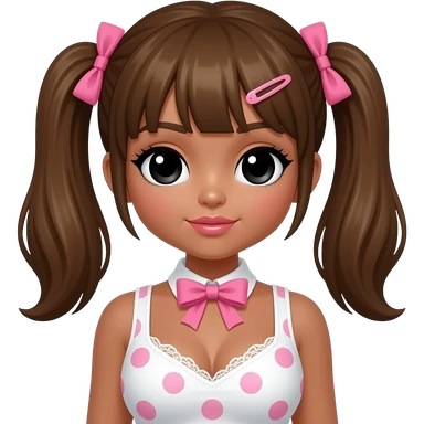 my melody hairclip, Doll faced shaped, hello kitty necklace, bimbo, black doll eyes, Big lips barbie, long dark brown skin with honey brown hair, bimbocore outfit light pink and black polkadots tank top with designed pink bow on it emoji
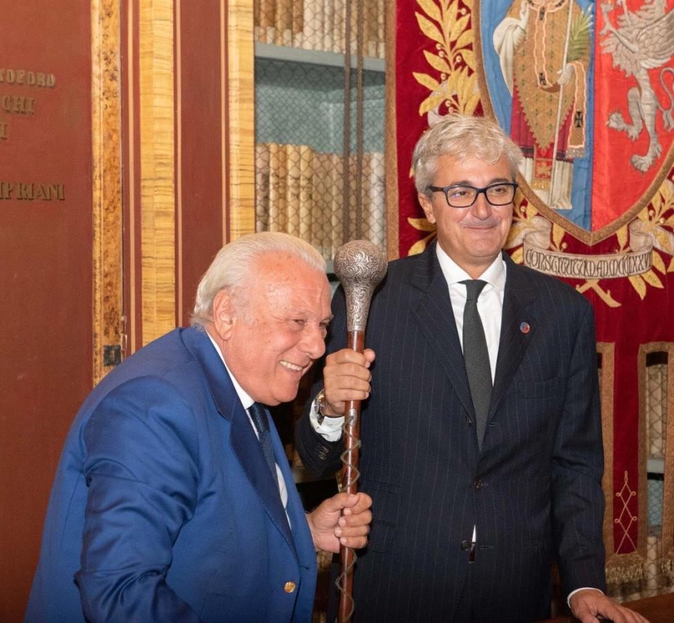 Il Rettore uscente Franco Moriconi ha quindi consegnato al Rettore eletto Maurizio Oliviero la mazza, simbolo del governo dell’Ateneo “espressione non di potere ma di servizio da rendere all’Istituzione e alla Comunità”: il Rettore eletto l’ha ricevuta dichiarando di “custodirla nel rispetto e nell’osservanza di tali principi per il bene del nostro Ateneo e delle nostre Città”. Mentre i presenti accompagnavano il gesto e la seguente stretta di mano con un lungo applauso. Il nuovo Rettore, Oliviero, entrerà nel pieno delle funzioni il 1°novembre 2019.
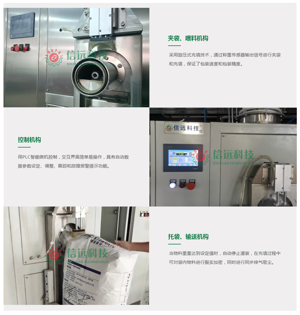 振動排氣機構(gòu)及氣流輔助輸送單元可對袋內(nèi)物料進行振實加密
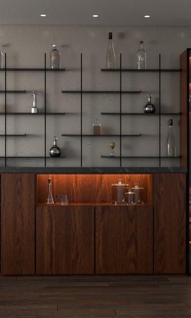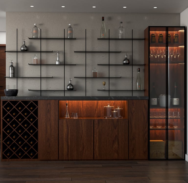 Living room bar con espacio para botellas de vino
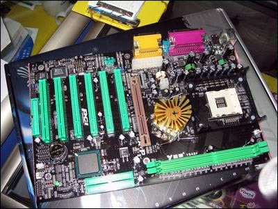 盈通雪狐848P是近期刚刚推出的,现在购买还有可能会赠送32M闪盘一个,价值百元,“实际”价值较高。黑色PCB大板设计,北桥848P芯片,800MHz前端,超线程技术,支持Socket 478针脚全系列Pentium4处理器。支持单通道DDR400,最大支持2G。南桥同样采用ICH5芯片,支持2个SATA硬盘和8个USB2.0接口,不支持RAID功能。板载Realtek ALC655 CODEC,支持6声道输出,该主板与七彩虹848P如出一辙。
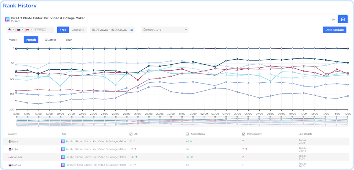 In the Fivorix Rank History, you will see the position of the app, which was recorded by our system while scanning the market (once a day, scanning time may vary)
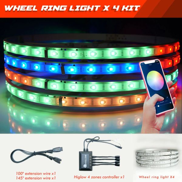 Car LED Lights LED Wheel Ring Lights Smartphone APP Controlled 15inch Wheel Ring Light Kit Boat Ambient Lighting LED Rock Light Kit$101
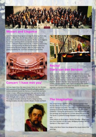 Программа «Воображение» включала в себя исполнение музыкальных произведений в сочетании с презентацией произведений живописи и визуальным шоу. Учащиеся и преподаватели Республиканской художественной гимназии имени К.А. Давлеткильдеева, студенты и молодые талантливые художники Уфимской государственной академии искусств им. Загира Исмагилова и музыканты голландского ансамбля «Гексагон» создали совместную концертную программу по произведению Модеста Мусоргского «Картинки с выставки». В рамках данной программы опытные музыканты сотрудничали с юными художниками – учащимися детских школ искусств Республики Башкортостан.
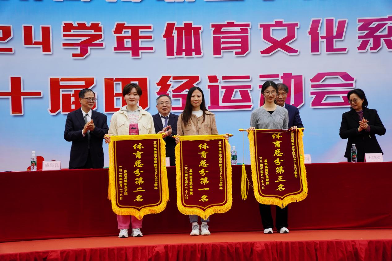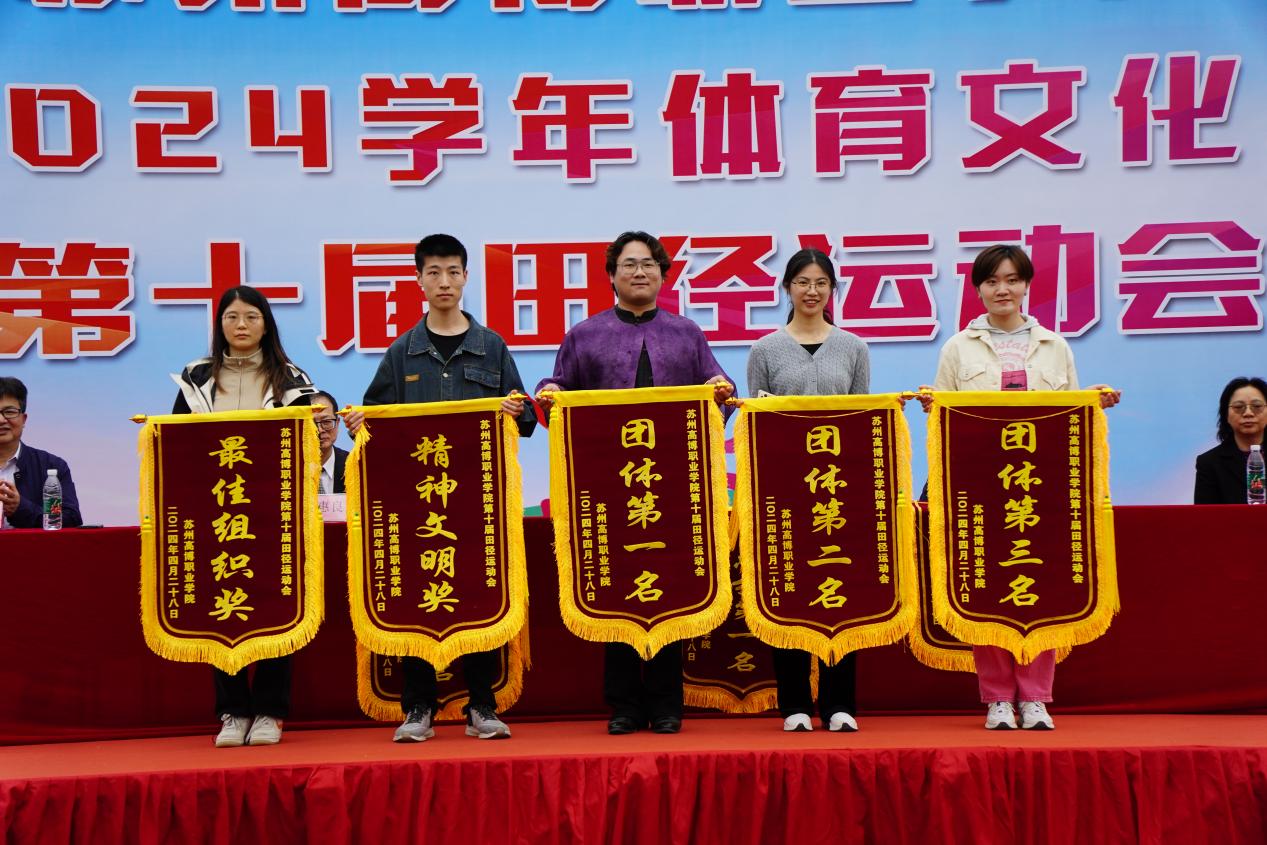 最终经过激烈角逐,各项比赛圆满结束。在本届运动会中,人文社会科学学院荣获团体第一名,医学与公共服务学院与信息与软件学院分别获得团体第二名与第三名。此外,精神文明奖与优秀组织奖分别被机电工程学院与国际商学院收入囊中。比赛现场还颁发了2023-2024学年体育文化系列活动的名次奖项,人文社会科学学院以总分第一的成绩脱颖而出,信息与软件学院紧随其后,位居第二,医学与公共服务学院则荣获第三名。

• **HOW TO COMPLETE THIS TASK**:
Please reproduce the lines exactly from the one containing "Living room bar" through the last line of the data above, and keep the pictures out.

• **SOLVED PROBLEM**:
 Living room bar con espacio para botellas de vino
 盈通雪狐848P是近期刚刚推出的,现在购买还有可能会赠送32M闪盘一个,价值百元,“实际”价值较高。黑色PCB大板设计,北桥848P芯片,800MHz前端,超线程技术,支持Socket 478针脚全系列Pentium4处理器。支持单通道DDR400,最大支持2G。南桥同样采用ICH5芯片,支持2个SATA硬盘和8个USB2.0接口,不支持RAID功能。板载Realtek ALC655 CODEC,支持6声道输出,该主板与七彩虹848P如出一辙。
 In the Fivorix Rank History, you will see the position of the app, which was recorded by our system while scanning the market (once a day, scanning time may vary)
 Car LED Lights LED Wheel Ring Lights Smartphone APP Controlled 15inch Wheel Ring Light Kit Boat Ambient Lighting LED Rock Light Kit$101
 Программа «Воображение» включала в себя исполнение музыкальных произведений в сочетании с презентацией произведений живописи и визуальным шоу. Учащиеся и преподаватели Республиканской художественной гимназии имени К.А. Давлеткильдеева, студенты и молодые талантливые художники Уфимской государственной академии искусств им. Загира Исмагилова и музыканты голландского ансамбля «Гексагон» создали совместную концертную программу по произведению Модеста Мусоргского «Картинки с выставки». В рамках данной программы опытные музыканты сотрудничали с юными художниками – учащимися детских школ искусств Республики Башкортостан.
 最终经过激烈角逐,各项比赛圆满结束。在本届运动会中,人文社会科学学院荣获团体第一名,医学与公共服务学院与信息与软件学院分别获得团体第二名与第三名。此外,精神文明奖与优秀组织奖分别被机电工程学院与国际商学院收入囊中。比赛现场还颁发了2023-2024学年体育文化系列活动的名次奖项,人文社会科学学院以总分第一的成绩脱颖而出,信息与软件学院紧随其后,位居第二,医学与公共服务学院则荣获第三名。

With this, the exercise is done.